Il ruolo essenziale di famiglie e volontari. La rete cresce e diventa sempre più consistente grazie soprattutto all’apporto dei volontari: «Se non ci fossero i nostri volontari, non sarebbe possibile fare tutto quello che Npl realizza sul territorio» dice Elisa Colombo. Il futuro di Npl? Siccome ci sono sempre nuovi bimbi tra i 6 mesi e i 6 anni e nuove famiglie, «il lavoro di sensibilizzazione alla lettura non finisce mai», perché l’obiettivo finale di Npl «è che si legga in famiglia». Il futuro però impone alcune priorità: riuscire a intercettare in modo più sistematico «le famiglie con fragilità economiche, sociali e culturali», soprattutto attraverso il servizio dei pediatri e dei consultori, perché «stimoli offerti precocemente possono incidere in modo significativo e profondo sulla traiettoria di vita di un bambino che vive in situazioni di disagio», spiega Colombo. Ci sono poi le famiglie immigrate, su cui tante realtà locali stanno iniziando a lavorare, mentre a livello nazionale si è già reso disponibile parte del materiale in diverse lingue (sul sito natiperleggere.it).

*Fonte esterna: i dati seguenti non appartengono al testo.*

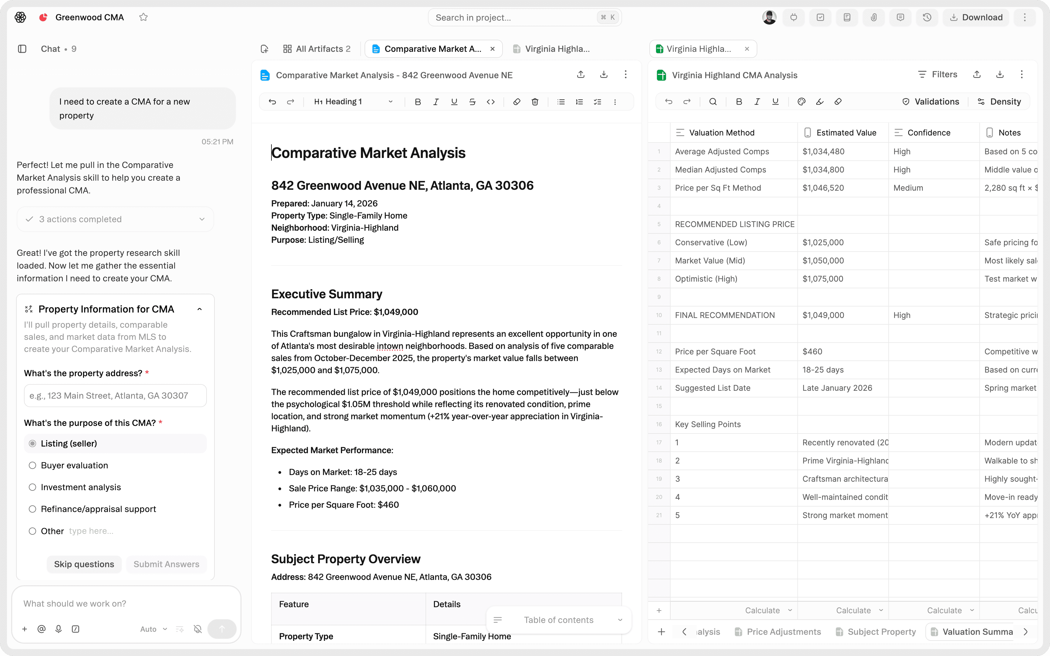 Build a comprehensive comparative market analysis for a listing presentation. Use sheet_operations, write_document, validate_data. Create: Comparable Sales workbook (recently sold properties with address, sale price, square footage, bedrooms, bathrooms, lot size, condition, days on market); Adjustment Calculations sheet (square footage adjustments, bedroom/bathroom count, condition differences, upgrades, location factors with dollar values); Price Analysis (price per square foot by neighborhood, absorption rates, competitive listings); Pricing Strategy document (aggressive, moderate, conservative scenarios with expected days on market and rationale); Market Trends analysis (90-day sales velocity, inventory levels, buyer demand indicators); Presentation deck with property highlights, comp analysis, and pricing recommendation. Output: Complete CMA with data-backed pricing strategy and professional presentation materials.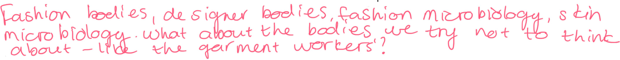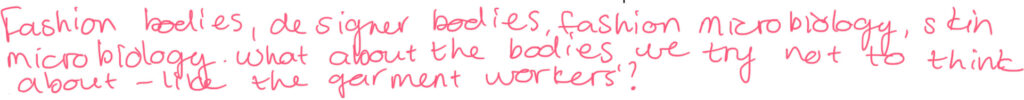 Fashion bodies, designer bodies, fashion microbiology, skin microbiology. What about the bodies we try to not think about, like the garment workers’?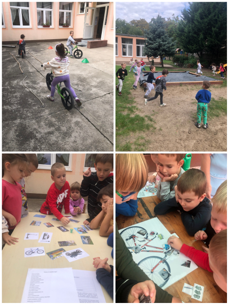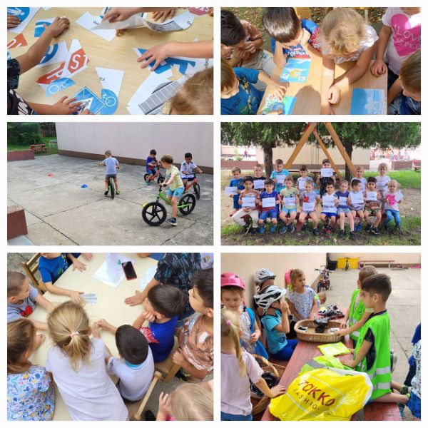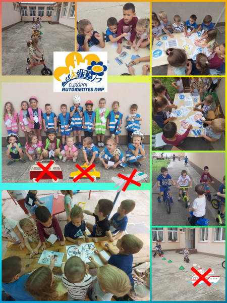 Idén mind a hét csoport nagy létszámmal tudott részt venni, és elvégezni az „Autómentes közlekedés“ kihívást. Szétválogattuk a közlekedési eszközöket, melyik környezetbarát, melyik hol közlekedik. Részletesen megbeszéltük a bicikli részeit és fel is próbáltuk a biciklis felszerelést. Alaposan megismertük a közlekedési táblákat, amelyekkel a gyerekek is találkozhatnak a mindennapos közlekedés során. Minderre a különböző állomásokon kaptunk lehetőséget, ahol, ha jól végeztük a munkánk, mindenki begyűjthetett egy-egy nyomdát a saját menetlevelére.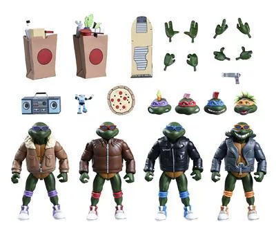 Based on the classic 1980s Teenage Mutant Ninja Turtles cartoon series! After being accidentally exposed to radioactive ooze, four ordinary household pets are transformed into a band of wisecracking, pizza-loving, villain-dicing adolescent reptiles! The Heroes in a Half Shell are ready to rock in this radical Punk Turtles 4-pack! These 7-inch scale action figures of Leonardo, Raphael, Michelangelo, and Donatello come loaded with all-new, episode-specific accessories! Presented in collector-friendly window box packaging.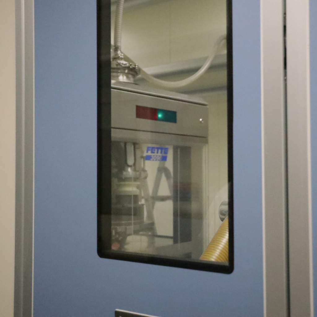 Tutte le comprimitrici sono installate all’ interno di box dedicati e equipaggiati con partizioni farmaceutiche di separazione tra locale macchina e locale operatore, che consentono di ridurre al minimo il contatto diretto del personale con il prodotto unitamente ad una riduzione della polverosità e della rumorosità dell’ambiente di lavoro.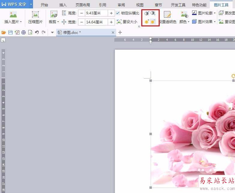 4、單擊紅色線框標記的按鈕,調(diào)整圖片的亮度。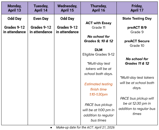 School will run on a regular schedule on Monday through Wednesday. Students and parents will receive emails with information about the date (Thursday and/or Friday) and location of their test session. The ACT or preACT for all grades will be administered electronically on the students’ school-issued Chromebooks. Spring assessments will be around 3 to 4 hours long including breaks. The length of testing for students testing with accommodations will vary by accommodation.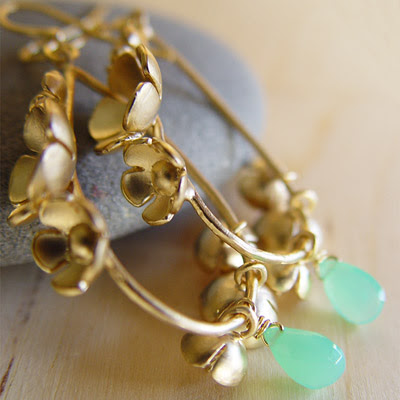 Precious Flower Green Chrysoprase Gold Earrings $56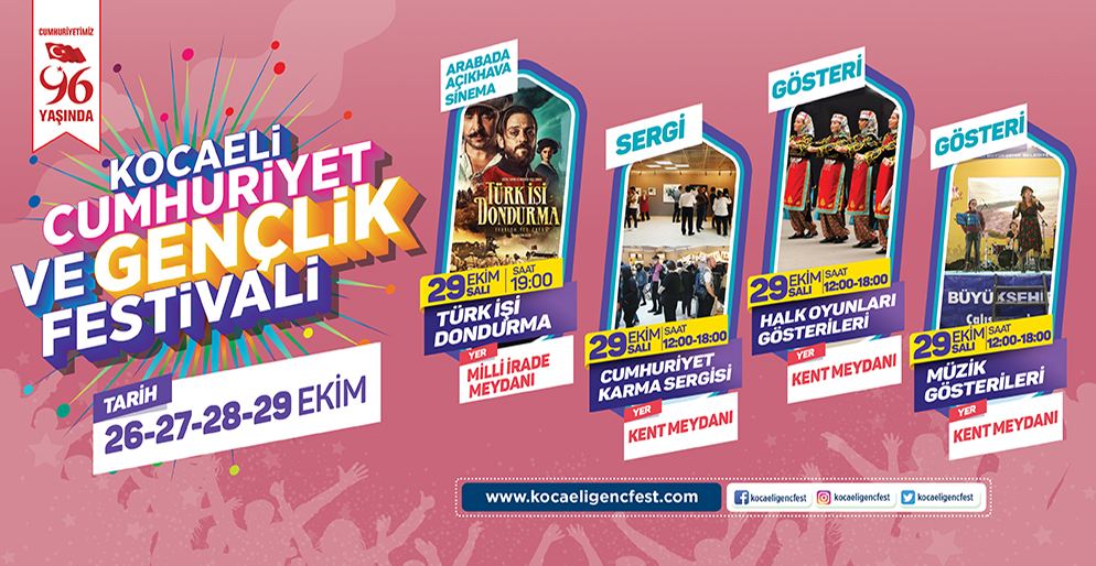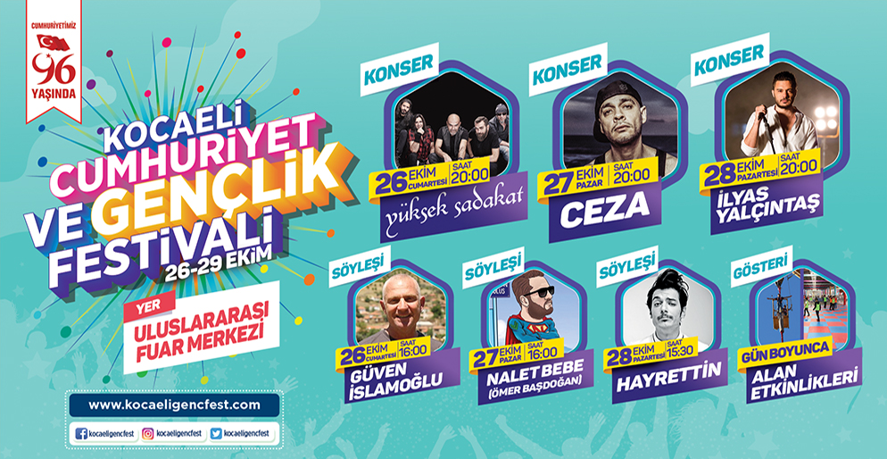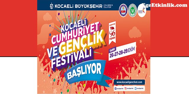 Kocaeli Büyükşehir Belediyesi tarafından 29 Ekim Cumhuriyet Bayramına özel organize edilen Cumhuriyet ve Gençlik Festivali, 26-29 Ekim 2019 tarihlerinde gerçekleşecek.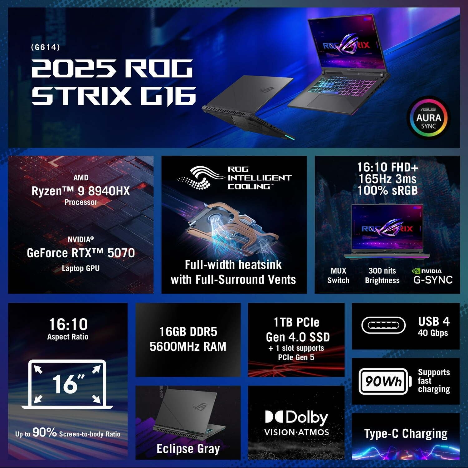 1 review for ASUS ROG Strix G16 Gaming Laptop, 16” FHD+ 165Hz/3ms, AMD Ryzen 9 8940HX, GeForce RTX 5070 8GB GDDR7, 32GB DDR5-5600, 1TB PCIe Gen 4 SSD, Wi-Fi 6E, Win11 Pro,RGB Backlit KB,w/Lifetime Office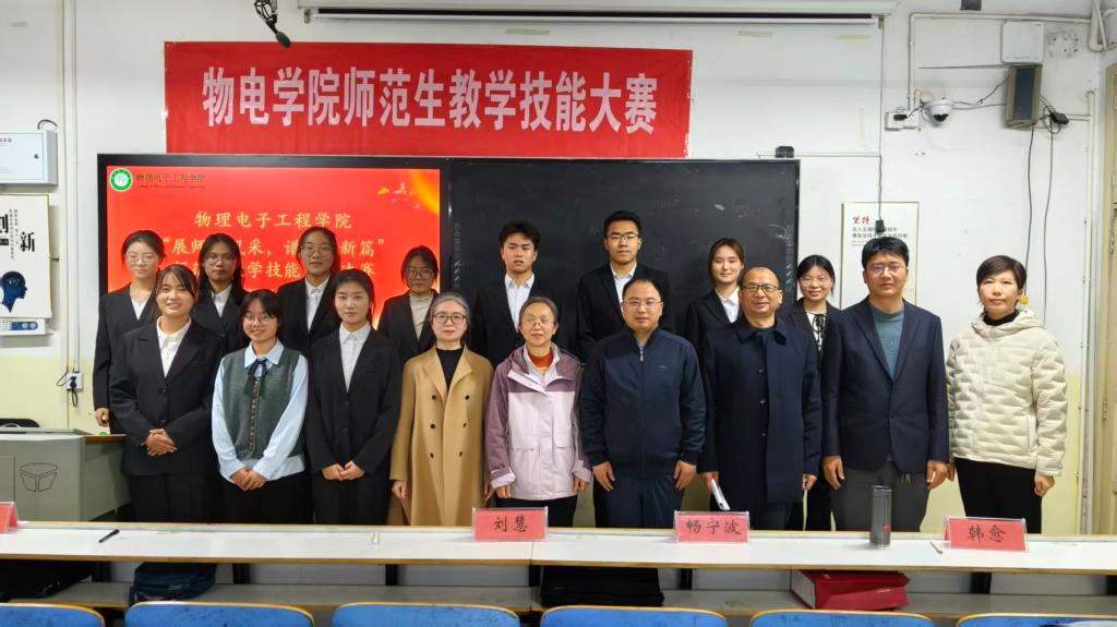 11月30日,我院在教三205举办“展师者风采,谱育人新篇”师范生教学技能大赛决赛。我院党委副书记张丽受邀出席,刘慧、黄文霞、李炳中、畅宁波、韩愈老师担任评委,2024级、2025级物理学专业学生积极参加。

Scuole dell’infanzia e Facebook. Un altro obiettivo di Npl è lavorare di più nelle scuole dell’infanzia e far nascere tanti “punti lettura” anche al di fuori delle biblioteche, per raggiungere sempre più bimbi e soprattutto i loro genitori. Una potenzialità nuova si sta rivelando Facebook, un luogo in cui i genitori che seguono Npl hanno cominciato a scambiarsi consigli e suggerimenti. «Stiamo iniziando a ragionare anche sulle nuove tecnologie come possibile strumento di condivisione e non di alienazione».